Convex block-sparse linear regression with expanders, provably: Joint work with Bubacarr Bah, Rouzbeh Hasheminezhad, Quoc Tran-Dinh, Luca Baldassarre, and Volkan Cevher.

Abstract. Sparse matrices are favorable objects in machine learning and optimization. When such matrices are used, in spite of dense ones, the overall complexity requirements in optimization can be significantly reduced in practice, both in terms of space and run-time. Prompted by this observation, we study a convex optimization scheme for block-sparse recovery from linear measurements. To obtain linear sketches, we use expander matrices, i.e., sparse matrices containing only few non-zeros per column. Hitherto, to the best of our knowledge, such algorithmic solutions have been only studied from a non-convex perspective. Our aim here is to theoretically characterize the performance of convex approaches under such setting.
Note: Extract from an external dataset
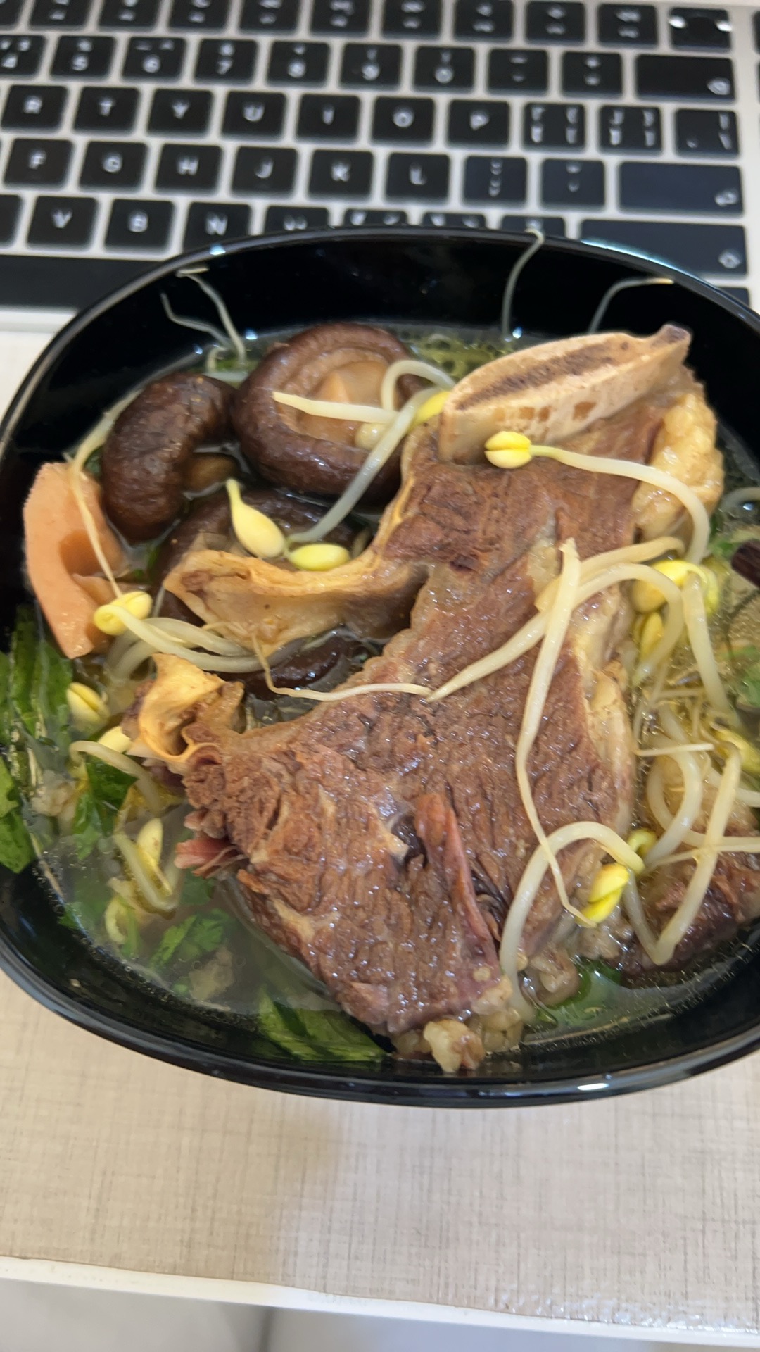 Beef Noodle Soup | ["beef","noodles","bean sprouts","mushrooms","broth"] | ["beef:200g","noodles:150g","vegetables:100g"] | |

Our key novelty is the expression of the recovery error in terms of the model-based norm, while assuring that solution leaves in the model. To achieve this, we show that sparse model-based matrices satisfy a group version of the null-space property. Our experimental findings on synthetic and real applications support our claims for faster recovery in the convex setting – as opposed to using dense sensing matrices, while showing a competitive recovery performance.

Bipartite correlation clustering – Maximizing agreements: Joint work with Megasthenis Asteris, Dimitris Papailiopoulos, and Alex Dimakis.

Abstract. In Bipartite Correlation Clustering (BCC) we are given a complete bipartite graph $G$ with ‘+’ and ‘-‘ edges, and we seek a vertex clustering that maximizes the number of *agreements: the number of all ‘+’ edges within clusters plus all ‘-‘ edges cut across clusters. BCC is known to be NP-hard. We present a novel algorithm for $k$-BCC, a variant of BCC with an upper bound $k$ on the number of clusters. Our algorithm outputs a $k$-clustering that provably achieves a number of agreements within a multiplicative ${(1-\delta)}$-factor from the optimal, for any desired accuracy $\delta$. It relies on solving a bilinear maximization on the bi-adjacency matrix of the graph, subject to combinatorial constraints. Our algorithm runs in time exponential in $k$ and $\frac{1}{\delta}$, but linear in the size of the input. In the (unconstrained) BCC setting, we show that $O(\delta^{-1})$ clusters suffice to achieve an ${(1-\delta)}$-factor approximation regardless of the size of the graph. In turn, our $k$-BCC algorithm implies an Efficient PTAS for the BCC objective of maximizing agreements. We supplement our theoretical results with experiments on synthetic and real datasets.